This, as you might have realized is the basic of any CART (Classification and Regression Tree) building algorithm, but the devil lies in the details. The two key questions XGBoost addresses are:

How to assign prediction score to the leaves?
How to find a proper tree structure?

Let us know try to understand how XGBoost answers these two questions.

Assigning weights to the leaves

Mathematically, a tree can be represented as:

$f_t (x) = w_q (x)$

where $q(x)$ is a “directing” function which assigns every data point to the $q(x)^{th}$ leaf.

With this definition of a tree, we can describe the weight assigning process as:

Assign the data point $x$ to a leaf by $q$ .
Assign the corresponding score $w_q(x)$ on the $q(x)^{(th)}$ leaf to the data point.

Where $q(x)$ is the leaf index and the index set is defined as set of indices of the data points that are assigned to the $j^{th}$ leaf.
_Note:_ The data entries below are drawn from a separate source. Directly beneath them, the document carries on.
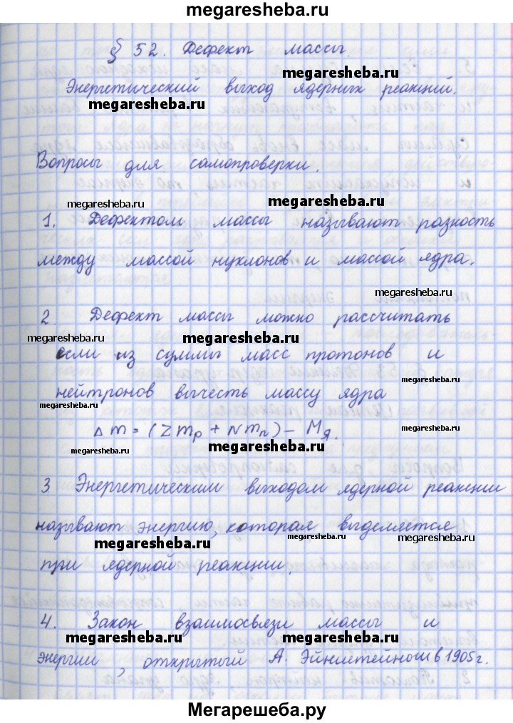 Подробный решебник (ГДЗ) по Физике за 9 (девятый) класс - готовый ответ вопросы и задания. параграф - 52. Авторы учебника: Пурышева, Важеевская, Чаругин. Издательство: Дрофа 2017.
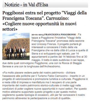 Poggibonsi entra nel progetto ''Viaggi della Francigena Toscana''. Carrozzino: «Cogliere nuove opportunità in nuovi settori»
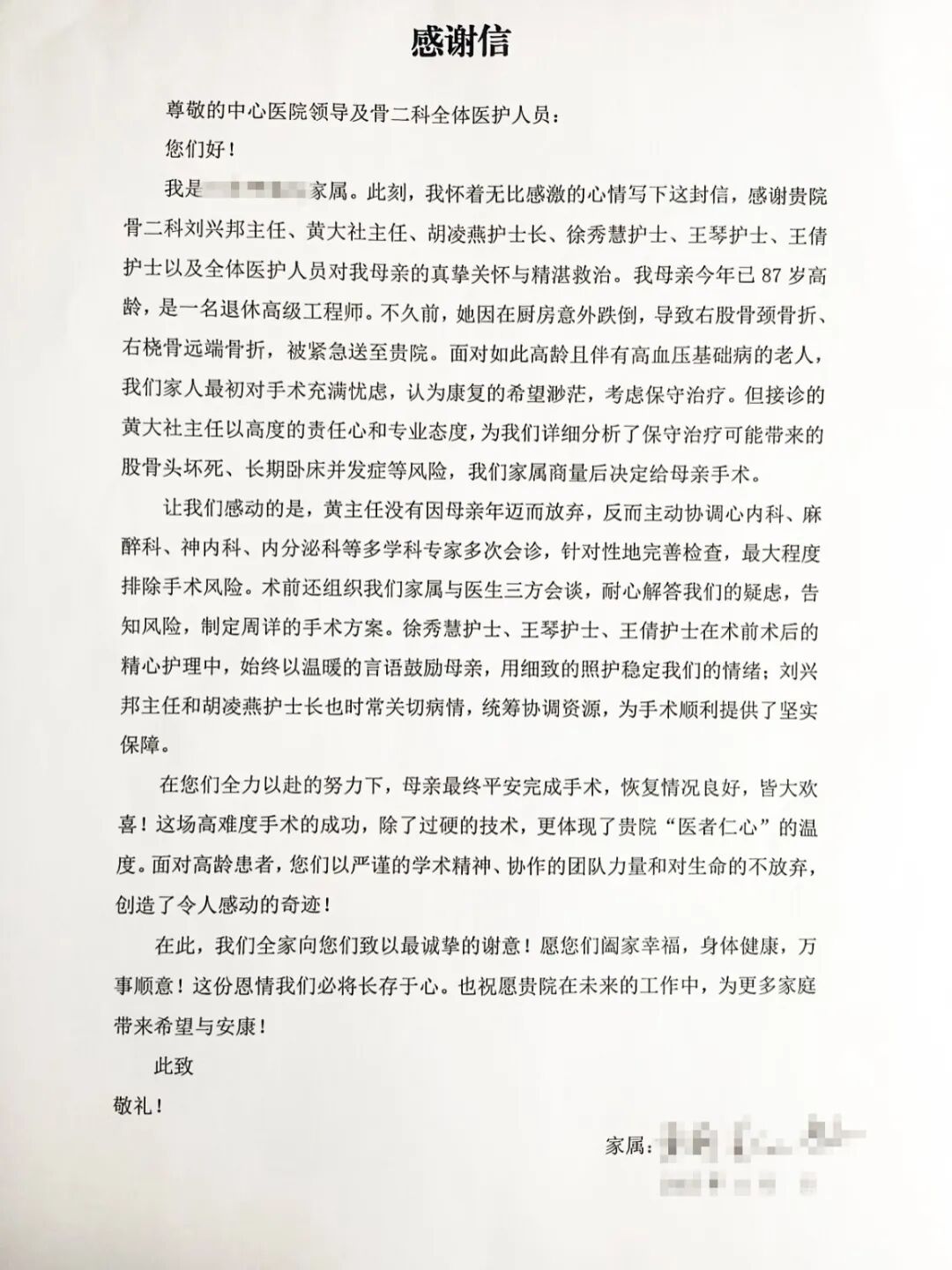 “你们让我87岁的母亲重新站了起来,让她在这里感受到了家的温暖。这份恩情我们全家人都会铭记在心!”近日,李奶奶(化名)带着家人精神抖擞地从潜江市中心医院出来。临行前,家属向医护人员致以衷心的感谢信。
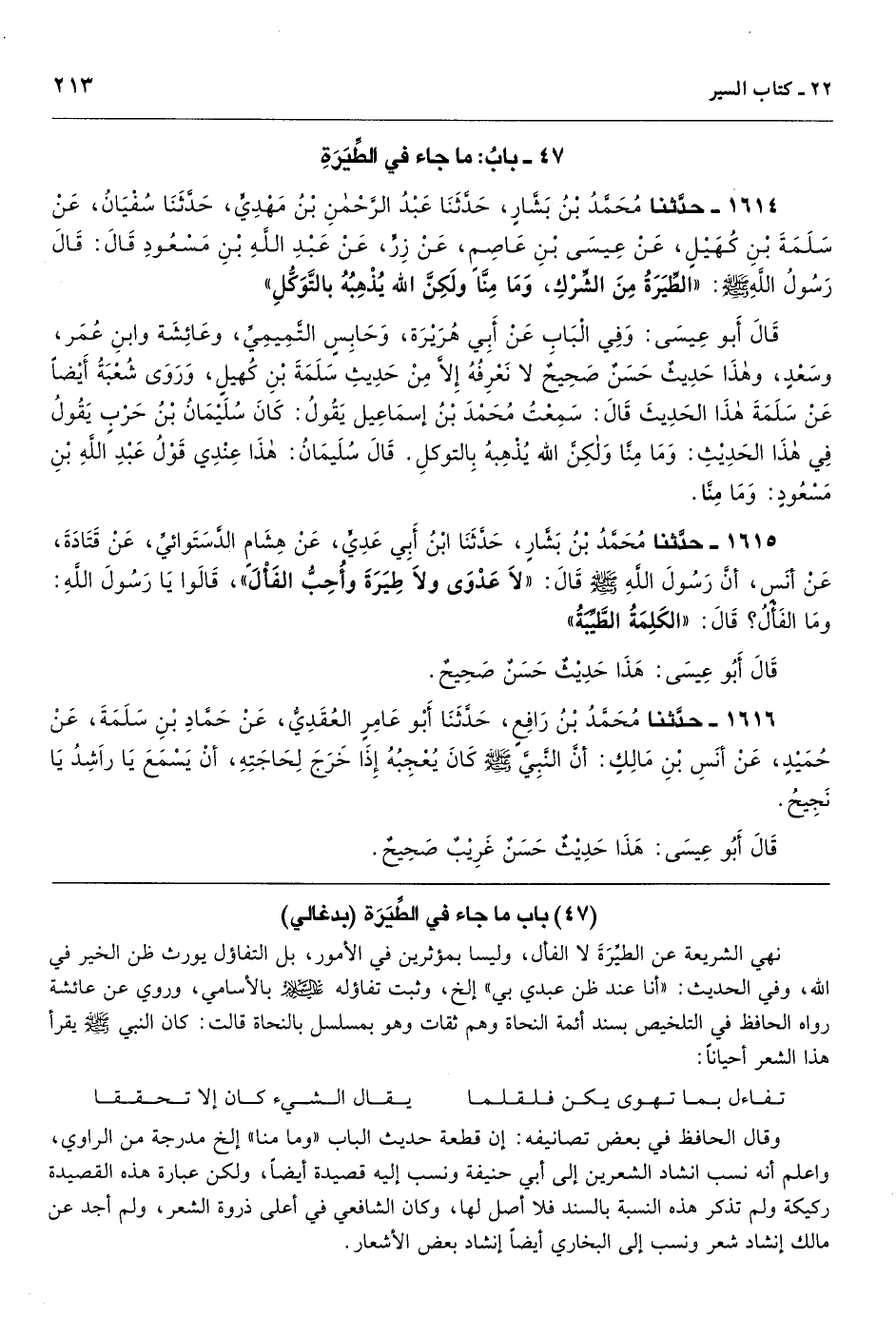 باب ما جاء في الطِّيَرَة (بدغالي)

We can write the index set as:

$I_j = \{i | q (x_i) = j\}$

The objective function can (again) be re-written as:

$Goal^{(t)} = \sum_{i = 1}^N [g_i f_t (x_i) + \frac{1}{2} h_i f_t^2 (x_i)] + \gamma T + \frac{1}{2} \lambda \sum_{j = 1}^T w_j^2$

where $N$ is the number of data points, but instead of writing the objective function as a summation of separate data points, we can write it in a fashion where we consider the summation of leaf weights. Thus the new representation becomes:

$Goal^{(t)} = \sum_{j = 1}^T [(\sum_{i \in I_j}) w_j + \frac{1}{2} (\sum_{i \in I_j} h_i + \lambda) w_j^2] + \gamma T$

(Since all the data points on the same leaf share the same prediction)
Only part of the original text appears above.